Datageek
Datageek

Reputation: 26729

How to connect to Spark EMR from the locally running Spark Shell

I have created a Spark EMR cluster. I would like to execute jobs either on my localhost or EMR cluster.

Assuming I run spark-shell on my local computer how can I tell it to connect to the Spark EMR cluster, what would be the exact configuration options and/or commands to run.

Upvotes: 7

Views: 3335

Answers (2)

HaMi
HaMi

Reputation: 485

One way of doing this is to add your spark job as an EMR step to your EMR cluster. For this, you need AWS CLI installed on your local computer (see here for installation guide), and your jar file on s3.

Once you have aws cli, assuming your spark class to run is com.company.my.MySparkJob and your jar file is located on s3 at s3://hadi/my-project-0.1.jar, you can run the following command from your terminal:

aws emr add-steps --cluster-id j-************* --steps Type=spark,Name=My_Spark_Job,Args=[-class,com.company.my.MySparkJob,s3://hadi/my-project-0.1.jar],ActionOnFailure=CONTINUE

Upvotes: 0

m01
m01

Reputation: 9395

It looks like others have also failed at this and ended up running the Spark driver on EMR, but then making use of e.g. Zeppelin or Jupyter running on EMR.

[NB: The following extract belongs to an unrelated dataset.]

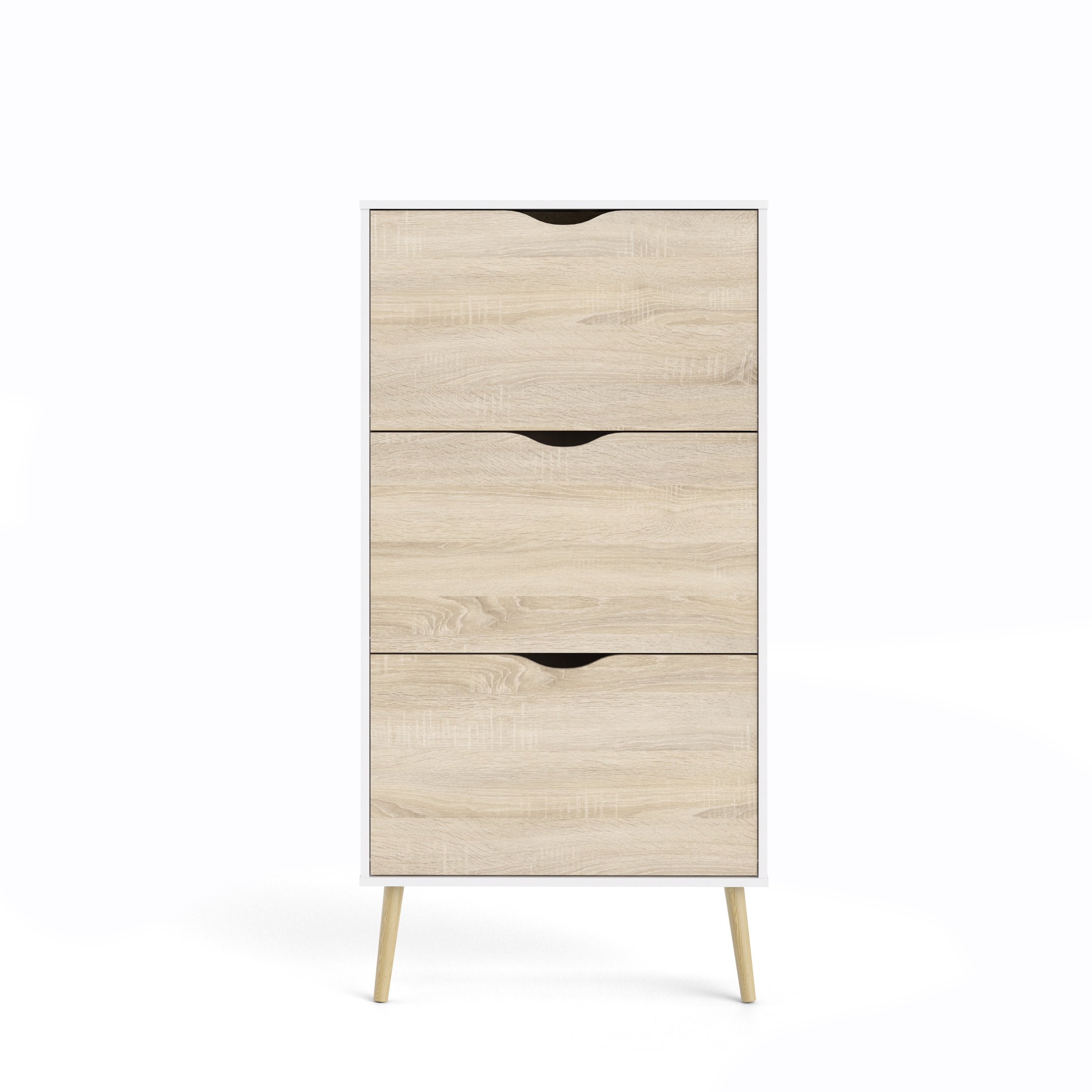 Tvilum Diana 3-Drawer Shoe Accent Cabinet, White/Oak Structure

Setting up our own machines as spark drivers that connected to the core nodes on EMR would have been ideal. Unfortunately, this was impossible to do and we forfeited after trying many configuration changes. The driver would start up and then keep waiting unsuccessfully, trying to connect to the slaves.

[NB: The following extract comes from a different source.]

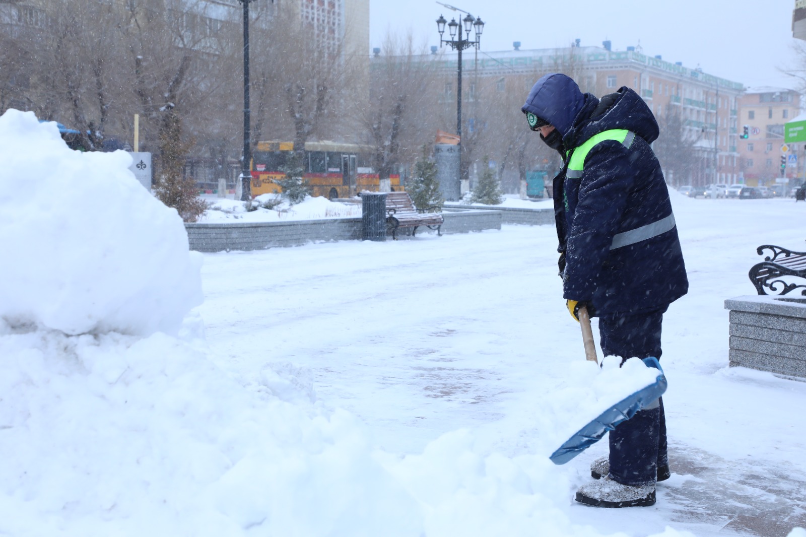 В Караганде в усиленном режиме работают дорожные службы, которые очищают улично-дорожную сеть.

Most of our Spark development is on pyspark using Jupyter Notebook as our IDE. Since we had to run Jupyter from the master node, we couldn’t risk losing our work if the cluster were to go down. So, we created an EBS volume and attached it to the master node and placed all of our work on this volume. [...]

source

Note: If you go down this route, I would consider using S3 for storing notebooks, then you don't have to manage EBS volumes.